I Speak English

I Speak English But I Think in My Mother Language

I scroll through my feed, and everyone sings the same jingle. The subtitles are English, the jokes are global, and the trends happen faster than thought. I speak the same language, but somewhere between it all, I catch myself thinking that I still think in my mother language.

My culture doesn't align with the aesthetic grid. I might fantasize about Harvard, but my feet are rooted in the cracked sidewalks of the local university down the street. It's the noise of chapals crashing into hot cement floors, the smell of haldi and ghee wafting through the kitchen, the elders' raised hands rather than their voices. It's not filtered. It's loud. Messy. Real. But it's mine.

But sometimes it didn't quite feel like mine. Sometimes I wasn't so certain about which "me" was real—the one narrating in immaculately pronounced English at school, or the one who prayed in Dhatki and ground spices with her grandmother in silence. I recall a day at school when my teacher asked us to retell a childhood memory. I instructed mine, but halfway through I substituted the word "Bai" for "grandmother." One of my classmates corrected me, gently, with no spite—but it lingered.

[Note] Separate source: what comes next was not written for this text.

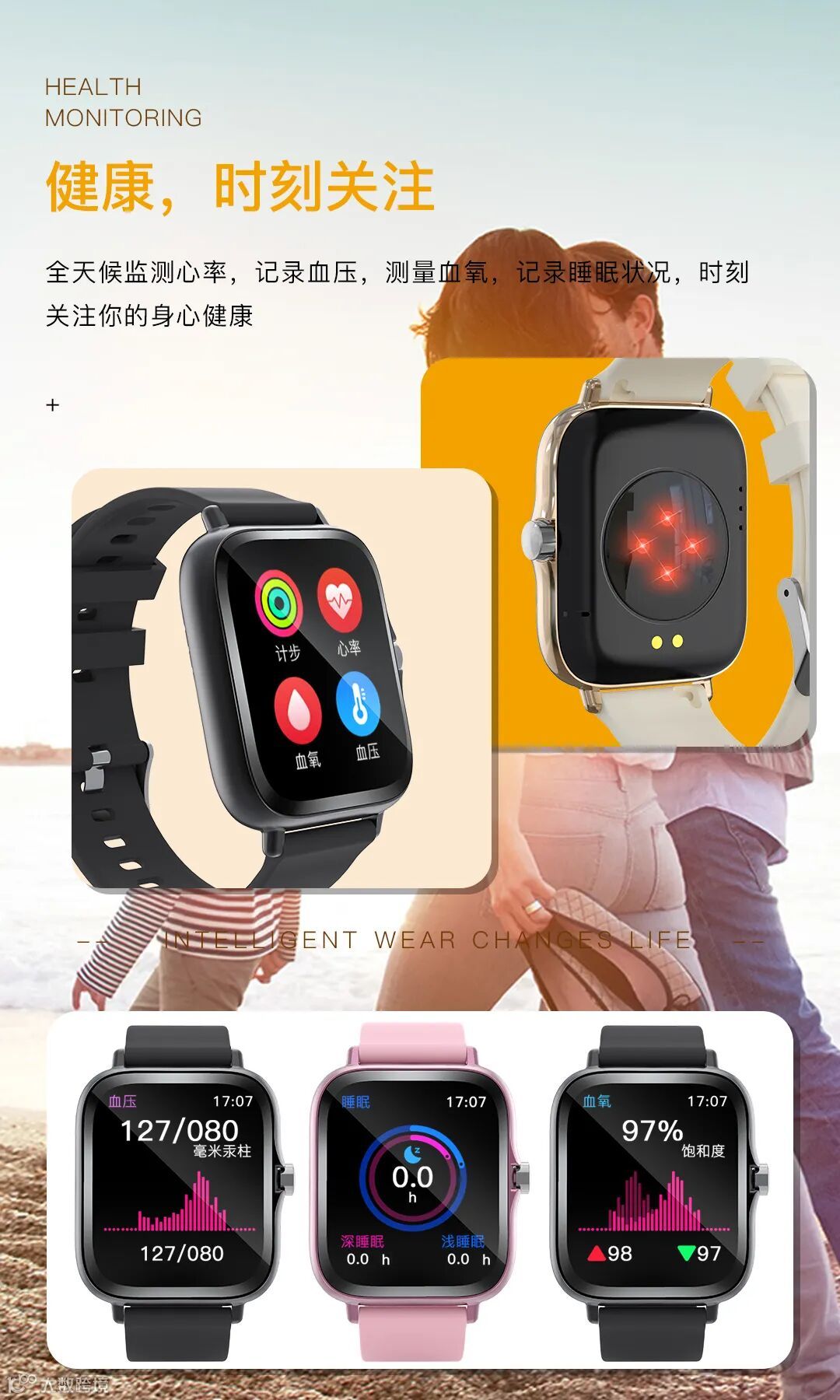 健康监测:血压监测、心率监测、血氧监测

I understood that I had fallen out of the "acceptable" tone unintentionally.

It was like tiptoeing across a tightrope. English was something more than a school subject—it was a credential. It signaled that you were intelligent, studious, and liberal. But in the house, English was a visitor. Courteous. Far away. My native tongue, by contrast, was part of the ordinary. It was in the sound of my mother's voice when she called me to the table for dinner. It was in my father's silent prayers. It was in the bedtime stories my grandmother read, stories not in books or internet searches but in memory and song.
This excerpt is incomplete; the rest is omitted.